There are three major pairs of salivary glands in the mouth. The largest pair of salivary glands, called the parotid glands, lies just behind the angle of the jaw, below and in front of the ears. Two smaller pairs, the sublingual glands and the submandibular glands, lie deep in the floor of the mouth. In addition to these major glands, many tiny salivary glands are distributed throughout the mouth. All of the glands produce saliva, which aids in breaking down food as part of the digestive process.

Locating the Major Salivary Glands

Several types of disorders affect the salivary glands:

  • Salivary gland malfunction

  • Salivary gland stones

  • Salivary gland infection

  • Salivary gland swelling

Salivary gland malfunction

Salivary gland malfunction is more common among adults and usually involves too little saliva production. When the flow of saliva is insufficient or almost nonexistent, the mouth feels dry. This condition is called xerostomia. Certain diseases, infections, and disorders, as well as certain drugs, can decrease saliva production.

Diseases include Parkinson disease, human immunodeficiency virus (HIV) infection, Sjögren syndrome, depression, and chronic pain. Drugs that decrease saliva production include certain antidepressants, antihistamines, antipsychotics, sedatives, methyldopa , and diuretics.

The salivary glands often malfunction after a person has had chemotherapy or head and neck radiation for the treatment of cancer. Dry mouth due to radiation is usually permanent, especially if the radiation dose is high. Dry mouth due to chemotherapy is usually temporary.

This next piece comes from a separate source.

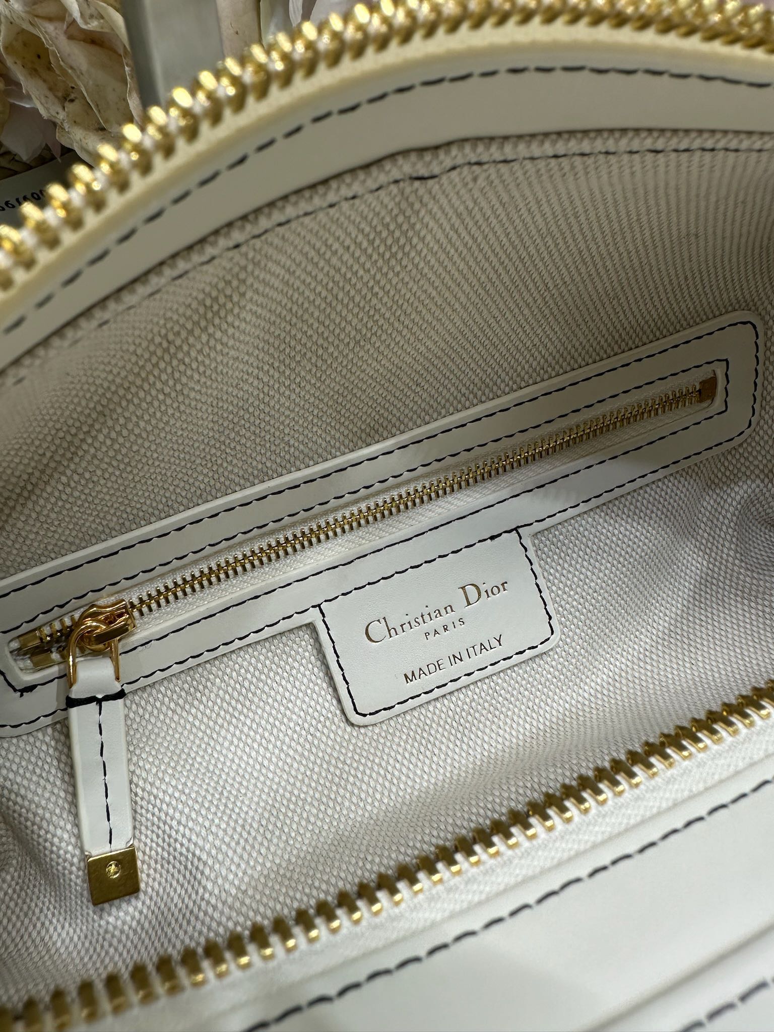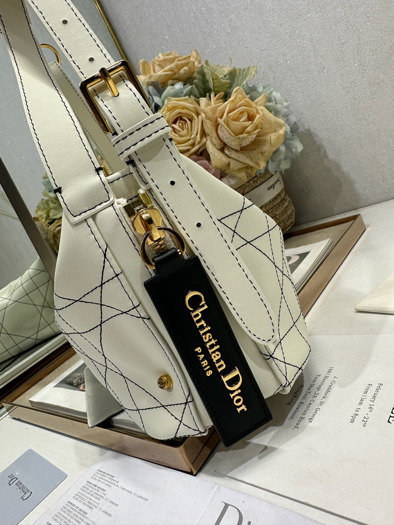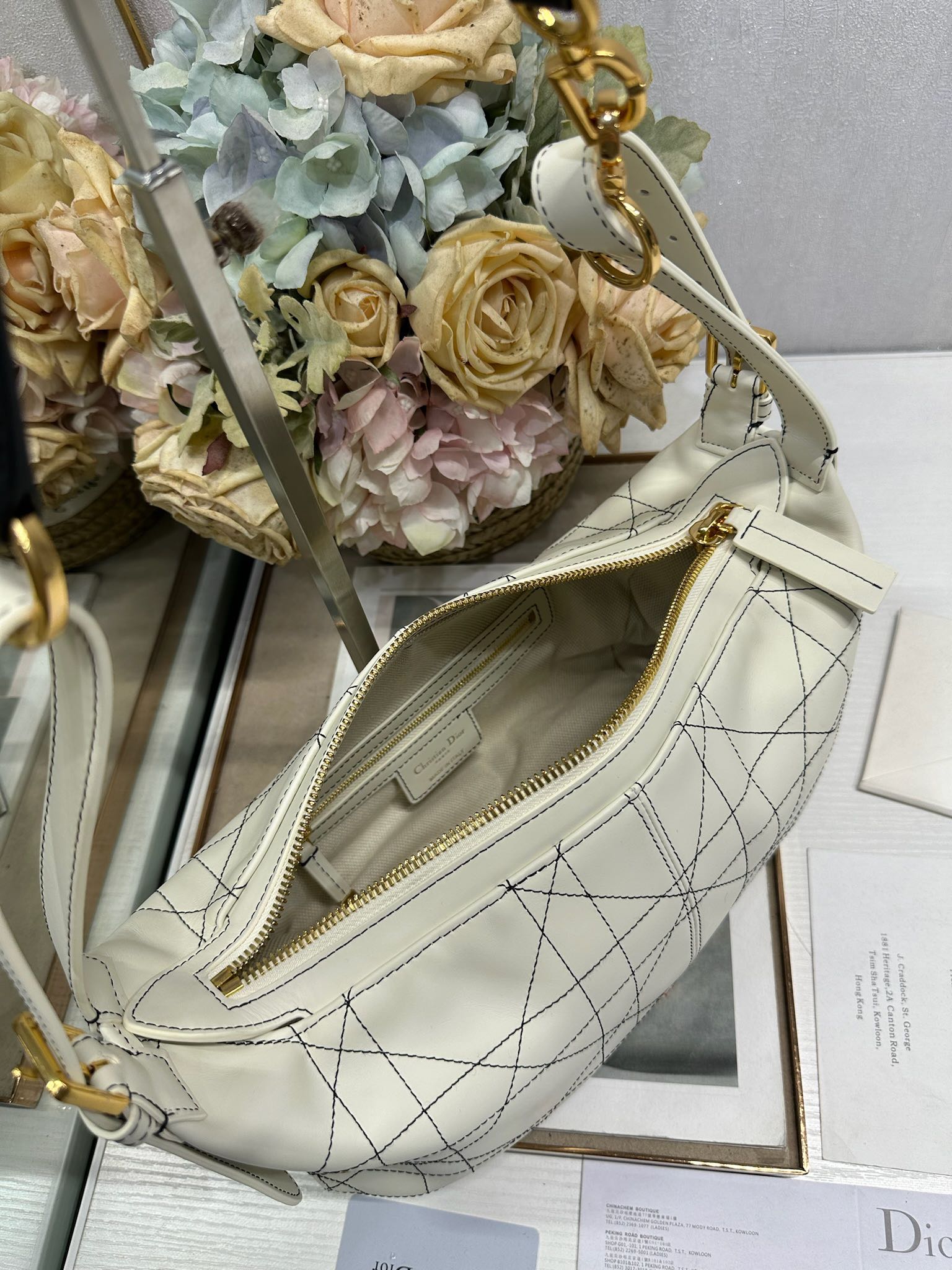 The D-Journey Handbag features a soft texture and a modern take on the classic dumpling bag silhouette. It is meticulously crafted from white calfskin leather, adorned with an oversized flat wicker pattern, and reinterprets Dior’s iconic motif with contrasting black stitching. The main compartment is equipped with a zip pocket for added refinement, while two side decorative pockets with large leather zipper pulls are embellished with the Christian Dior Paris logo.

However, not all cases of dry mouth are caused by salivary gland malfunction. Drinking too little liquid and breathing through the mouth can dry the mouth. Anxiety or stress can also result in a dry mouth. The mouth may also dry somewhat as a person ages, although this is probably due to the greater likelihood of taking a drug that causes dry mouth than to the aging process itself.

Because saliva offers considerable natural protection against tooth decay, an inadequate amount of saliva leads to more cavities—especially in the roots of teeth. Dry mouth, if severe, can also lead to difficulty speaking and swallowing.

In rare cases, the salivary glands produce too much saliva. Increased saliva production is usually very brief and occurs in response to eating certain foods, such as sour foods. Sometimes even thinking about eating these foods can increase saliva production.

Salivary gland stones

A stone can form from salts contained in the saliva. Stones are particularly likely to form when people are dehydrated or take drugs that decrease saliva production. People with gout are also more likely to form stones. Salivary gland stones are most common among adults. About 25% of people with stones have more than one.

Salivary stones create problems when they block the tube (duct) that carries saliva from the gland to the mouth. Blockage makes saliva back up inside the duct, causing the salivary gland to swell painfully. A blocked duct and gland filled with stagnant saliva may become infected with bacteria.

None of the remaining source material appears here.